Table 1 presents a summary of the well and reservoir data of a designed BHP obtained from the examples of application well test software (Windowstm Application Well test Software 1995) simulating the drawdown test using parameters in Table 1. The reservoir permeability range is ≥70 mD, with light oil PVT properties. The well capacity is above 2500 bbl/days with initial reservoir pressure close to 6000 psi. It is required to generate the pressure–density equivalent and derivative for each phase, compare their diagnostic signatures and also estimate the phases permeabilities and average reservoir permeability

Table 1 Reservoir and fluid data (Windowstm Application Welltest Software 1995)

This drawdown test shows the effect of a closed boundary response at late time period. In Fig. 4, the StatDev depicts a radial flow regime with a unit slope straight line at late time indicating a close boundary response. The derivative also exhibits similar radial and boundary response. The StatDiv and StatSSE plots as shown in Fig. 5 also indicate two flow regimes (radial pseudosteady) supporting the reservoir and boundary response diagnosed by the StatDev. Nevertheless, noisy data is noticed within the radial region of both StatDev and the derivative.

Fig. 4
figure 4

Comparisons of StatDdev and StattDev diagnostics approach

Another validation of the radial pseudosteady response is clearly seen by plotting three other statistical models such as StatDdev, StatExp and StattDev as shown in Figs. 4 and 6. All three models depict same reservoir response at both the middle and late time period. This also serves as checkbox to improve interpretation of reservoir features diagnosed with the log–log pressure derivative.

Fig. 5
figure 5

StatSSE and StatDiv semi-log for low K boundary response

Reservoir characterisation

Estimated permeability and skin are 71.3 mD and 12.1, respectively, using the statistical derivative approach. In comparison with the pressure derivative method, k and S differ by 13 and 77%, respectively. Difference in result is related to the slope of the pressure time semi-log specialised plot which depends on the extent of the transient period as identified from the statistical models and conventional derivative log–log plot. Figure 7 shows the pressure time semi-log plot for reservoir properties estimation.
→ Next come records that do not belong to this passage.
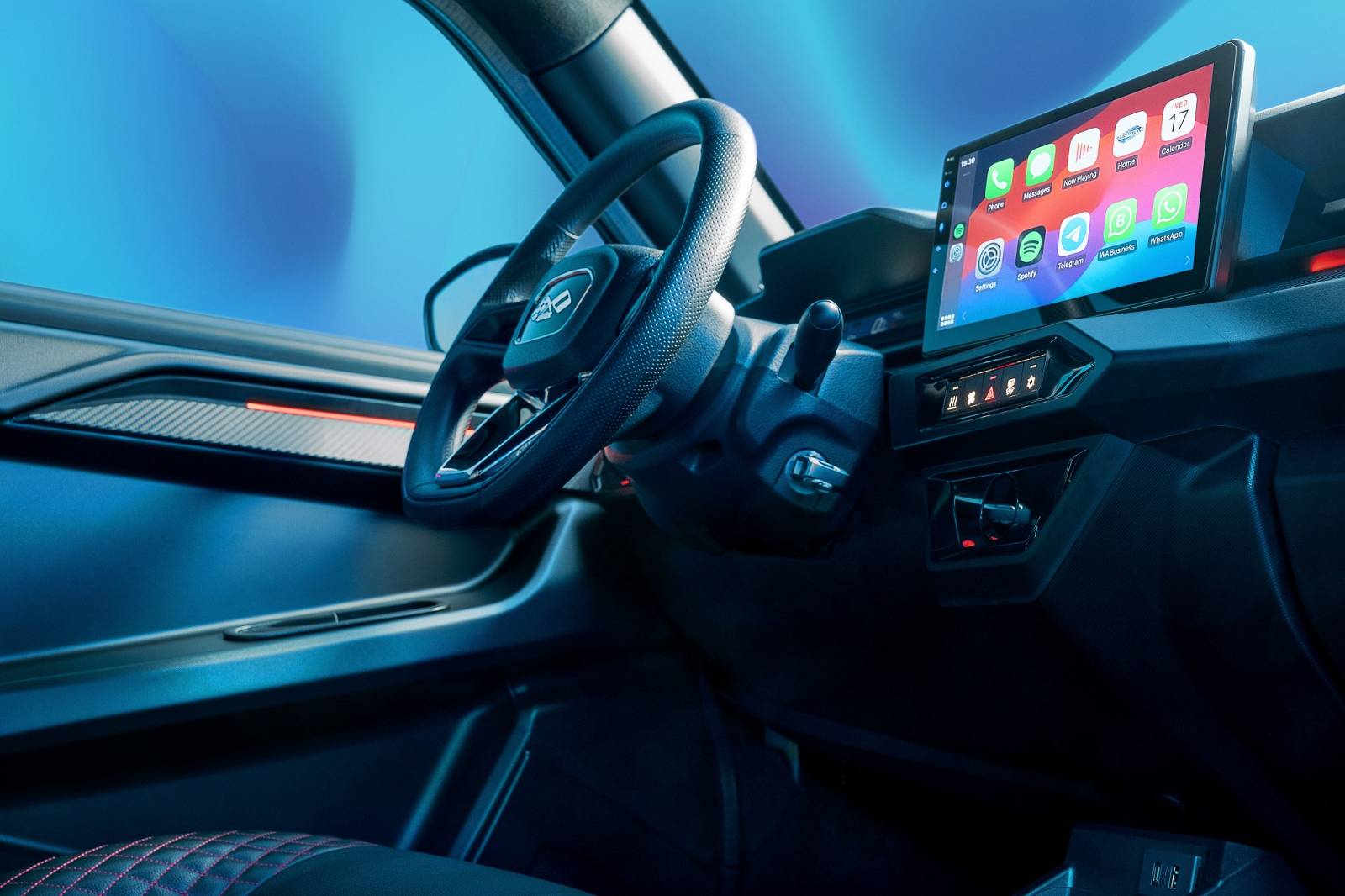 Elle est connectée. un grand écran tactile en position haute avec le Carplay mais aussi des prises USB et un chargeur à induction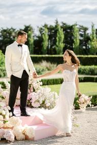 The inspiration behind this editorial wedding shoot at Château de Tourreau was to create a blend of timeless elegance and modern flair. Surrounded by the grandeur of Provençal architecture and lavish gardens, each scene was designed to evoke feelings of luxury and romance. Drawing from classic European influences, we aimed to capture the essence of opulence through carefully curated floral arrangements, exquisite fashion styling, and a sophisticated table setting. The result is an editorial that feels both regal and fresh, embodying the spirit of a modern fairy tale in the heart of Provence.
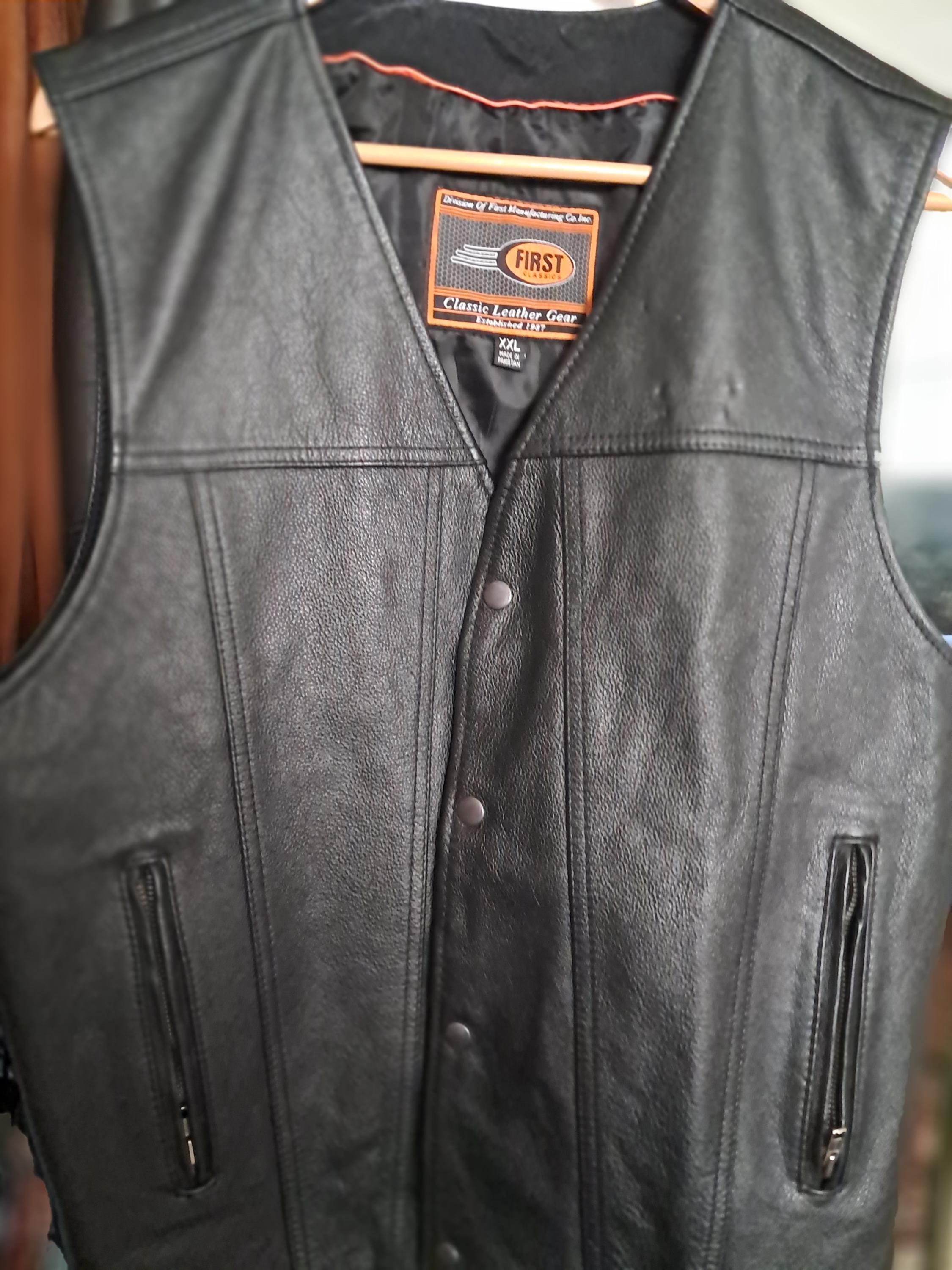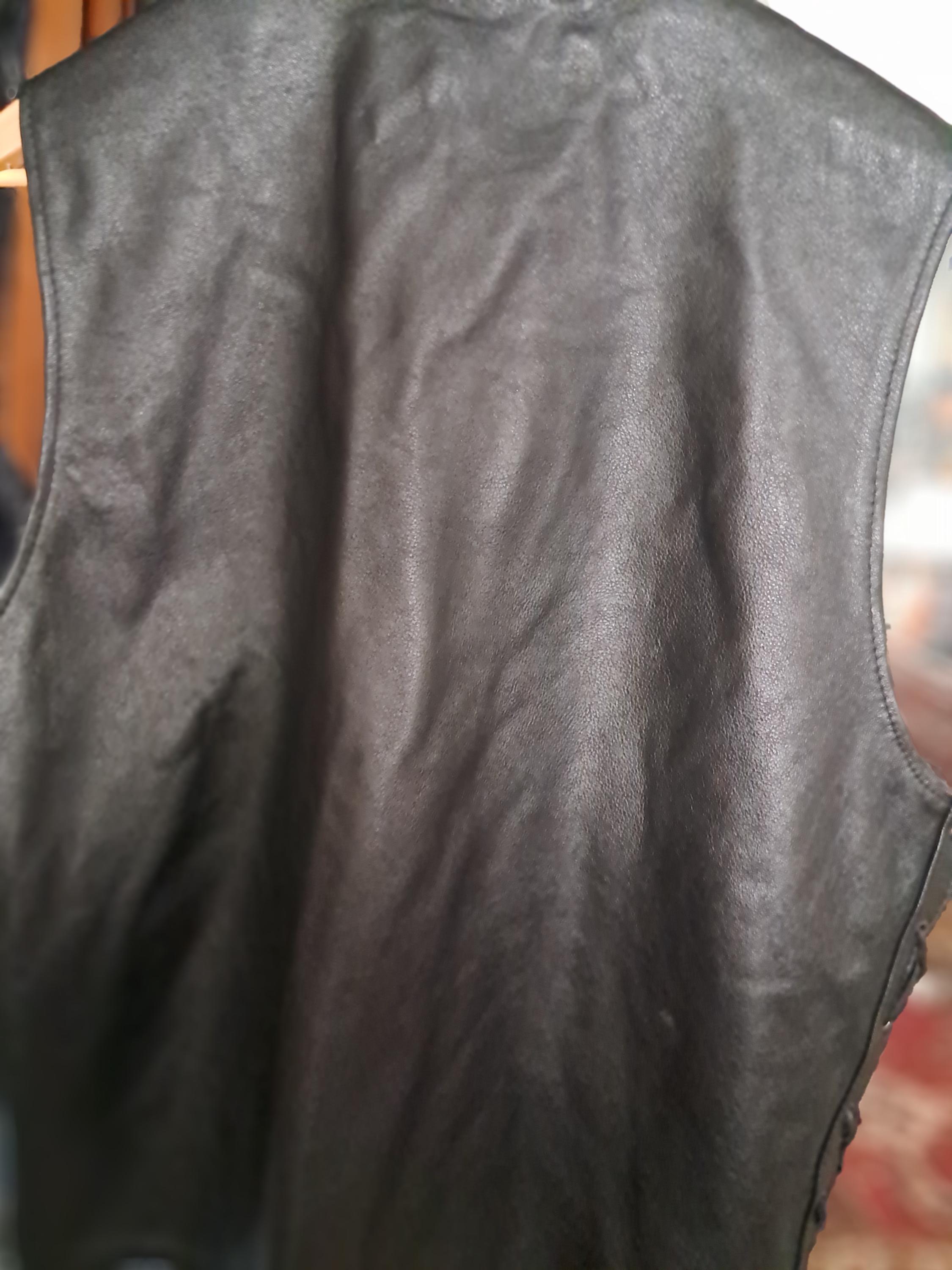 V-neck, 4 snaps vest with blacked out hardware for a clean look. Crafted from Naked Cowhide, this vest has snap down chest pockets and zippered slash pockets. Inside, it's got two conceal carry pockets, and Poly lining inside

Table 2 is a summary of calculated results from the conventional, type-curve and statistical approach.

Fig. 6
figure 6

Comparisons of four statistical diagnostic models for reservoir with boundary conditions

Table 2 Build-up analysis results
Fig. 7
figure 7

Miller et al. (1950) semi-log for low K boundary response

Example 2: field data—homogenous system, no boundary limit

Table 3 presents a summary of the well and reservoir data of Field Y in Offshore Niger Delta Nigeria used for the build-up interpretation with additional well log information given in Fig. 8. In this example, only the statistical and convention ‘pressure’ derivative method will be analysed and used to estimate average reservoir permeability.

Table 3 Reservoir and fluid data
Fig. 8
figure 8

Well log and petrophysical data

Other information includes:

  • Appraisal well, penetrated several reservoir levels, located in conventional offshore Niger Delta

  • Structural maps indicating hydrocarbons in crestal part of the block with some possible potential in the eastern part

  • Reservoir facies associations and their lateral correlation, high sand to shale ratio, suggesting very good reservoir potential.
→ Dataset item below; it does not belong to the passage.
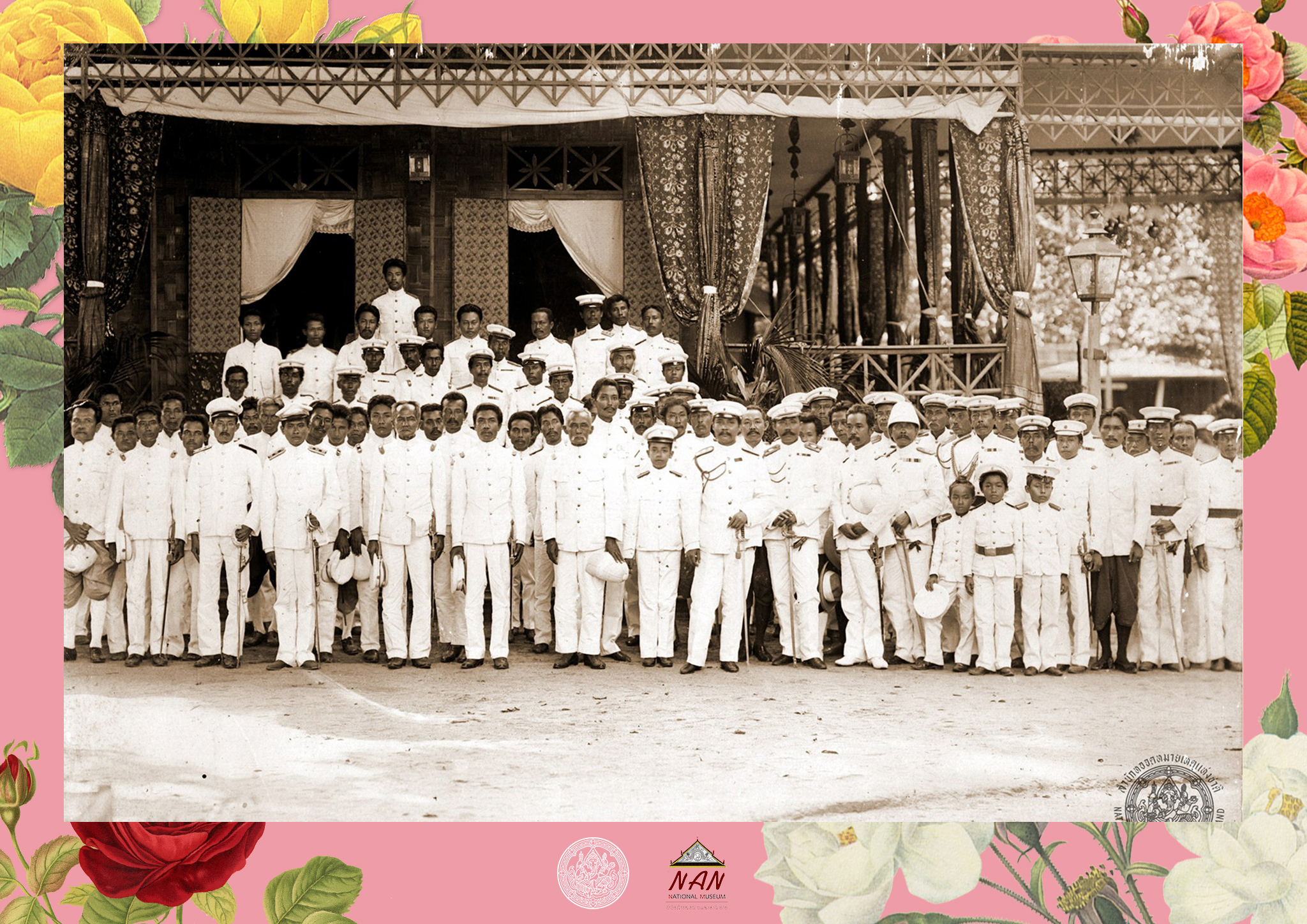 ภาพถ่ายพระบาทสมเด็จพระจุลจอมเกล้าเจ้าอยู่หัวฉายพระรูปร่วมกับพระบรมวงศานุวงศ์ ข้าราชการและเจ้าเมืองประเทศราช เจ้าเมืองล้านนาที่มาเฝ้ารับเสด็จ ณ พลับพลาที่ประทับเมืองอุตรดิตถ์ หน้าพลับพลารับเสด็จหน้าวัดวังเตาหม้อ (วัดท่าถนน) พ.ศ. ๒๔๔๔ เมื่อคราวเสด็จมณฑลฝ่ายเหนือ โดยแถวหน้านับจากซ้าย-ขวา

  • Amalgamated channel fill or delta front facies associations constituting continuous coalescing sandstone bodies in a rather constant stacking pattern.

Data screening and derivative calculation

Figure 9 shows the flowing and shut-in pressure with distortion prior to the beginning of flow with the main section for interpretation unaffected. Six hundred pressure points per log circle are applied to the conventional and statistical ‘pressure’ derivative.

Fig. 9
figure 9

Production and shut-in data

Method comparison and permeability k calculation

An exponential smoothing method with α = 0.02 was used to smooth all three cases. The statistical ‘pressure’ derivative shown in Fig. 10 depicts a clear radial stabilisation fingerprint without boundary effect. The response behaves like an infinite acting system which is continuous, without noise. StatDev depicts a continuous drop in derivative which could be increasing mobility features away from the well which can be seen from the well log in Fig. 8; however, there is no available geological information on increasing thickness away from the well.

Fig. 10
figure 10

Comparison of conventional and statistical derivatives versus time

The k ave estimated from equation \( k = \frac{141.2qB\mu }{mh} \) is between 3100 and 4100 mD depending on the movement of the derivative flat line. This is within the range of uniform k from core sample and existing well test interpretation for this reservoir; a good estimation of permeability is justifiable.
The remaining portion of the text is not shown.